What are the causes of oligozoospermia and asthenospermia?
Oligospermia and asthenospermia are currently the most common causes of infertility in clinical practice, and they often accompany each other with the same inducing factors. Therefore, they are often classified as oligospermia and asthenospermia. The common clinical causes are:
(1) Inflammation of genital tubes such as the infected epididymis, vas deferens, seminal vesicles, and prostate gland can affect the motility of sexual sperm and the reproductive function of the testis. This includes direct damage to sperm and testis caused by microorganisms that cause infection, changes in the pH value of seminal plasma during infection, and the large number of white blood cells (WBCs) themselves and the inflammatory mediators released during inflammation, which can reduce sperm motility and inhibit testicular spermatogenesis.
(2) Endocrine abnormalities The FSH and LH secreted by the pituitary gland of the brain are the promoters and maintainers of testicular sperm production. When FSH or LH is too low, it can cause testicular spermatogenesis dysfunction.
(3) Varicocele can lead to local hyperthermia, microcirculatory disorders, decreased nutrition, decreased oxygen partial pressure, and a lack of nutrient supply, which can affect sexual sperm motility (rate) and testicular spermatogenic function.
(4) Immune factors: Anti sperm antibodies can attach to the tail of sperm, resulting in a decrease in sperm motility or viability.
(5) Recent research on chromosome abnormalities has found that the gene fragments that determine sperm production on the Y chromosome are divided into three main segments: AZFa, AZFb, and AZFc. When a certain segment is missing, oligozoospermia and asthenospermia can result.
(6) Nutritional factors: Deficiency of amino acids, vitamins A, E, and folic acid, which are essential nutrients for spermatogenesis, can lead to oligozoospermia and asthenospermia.
(7) Environmental factors: Clinically, it is often seen that a large number of spills, long-term exposure to high temperature, radiation, and exposure to chemical poisons are prone to reproductive dysfunction.
What is non liquefaction of semen? Why does it affect conception? What is the reason for its non liquefaction?

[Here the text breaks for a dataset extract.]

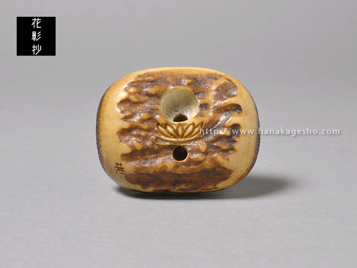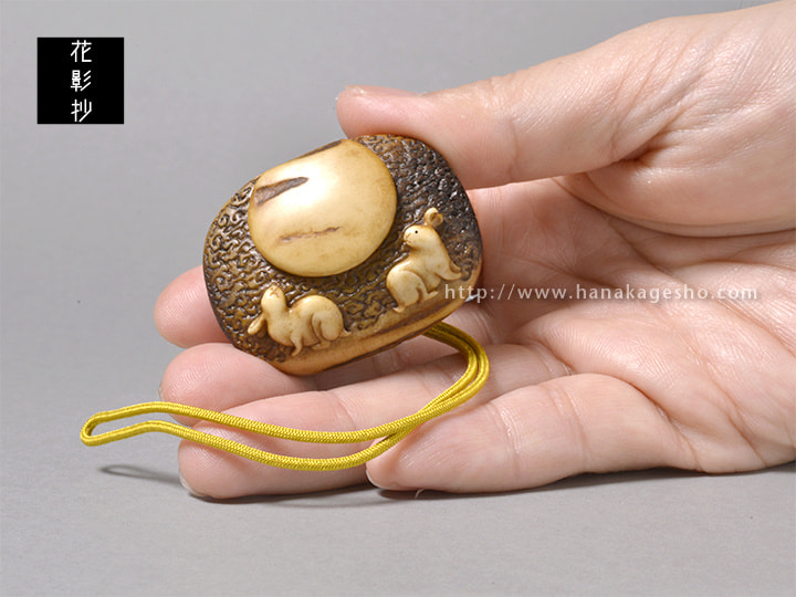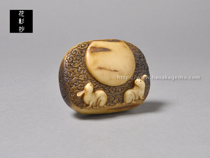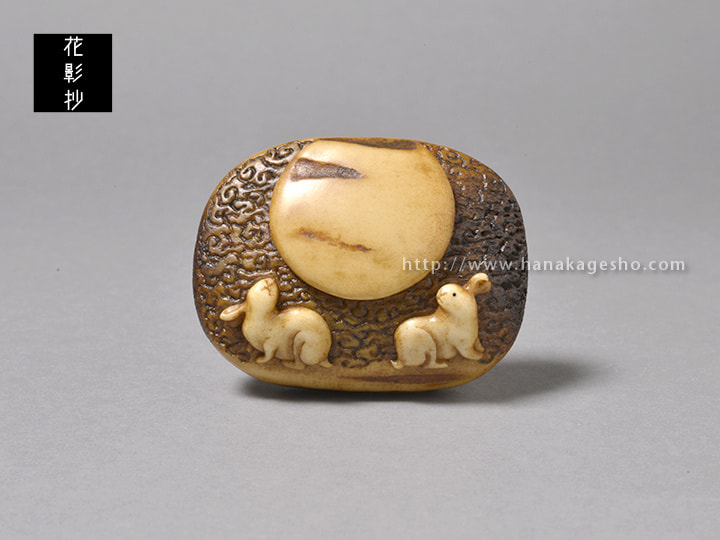 月待信仰という言葉から発想して図案を考えました。十五夜、十九夜、二十三夜など特定の月齢の夜に集まるという行事だそうです。月の夜に集まるという行為がとても神秘的に思え作ってみたいと思いました。兎の姿は東京国立博物館で開催されていた大覚寺展での腰障子に描かれた兎を参考にしています。紐穴を月に見立て蓮と組み合わせて月輪の図にしました。(蕪)

Under normal circumstances, the semen that has just been ejaculated from the body is in the form of a jelly, which is meant to prevent the semen from falling below the sperm base that is involved in conception. However, in general, within 30 minutes, jelly shaped semen should become liquefied. If the semen remains jelly shaped for more than 60 minutes, it is called non liquefied. At this time, a large number of sperm are in a bound state, their viability and vitality are low, affecting their conception; What causes non liquefaction? Through research, it has been found that the liquefaction enzyme in semen is called PSA (prostate specific antigen), which is secreted by the prostate. Currently, inflammation of the prostate or a decrease in the level of androgens can cause a decrease in the level of PSA produced by the prostate, and a decrease in liquefied substances in semen can lead to semen non fluidization.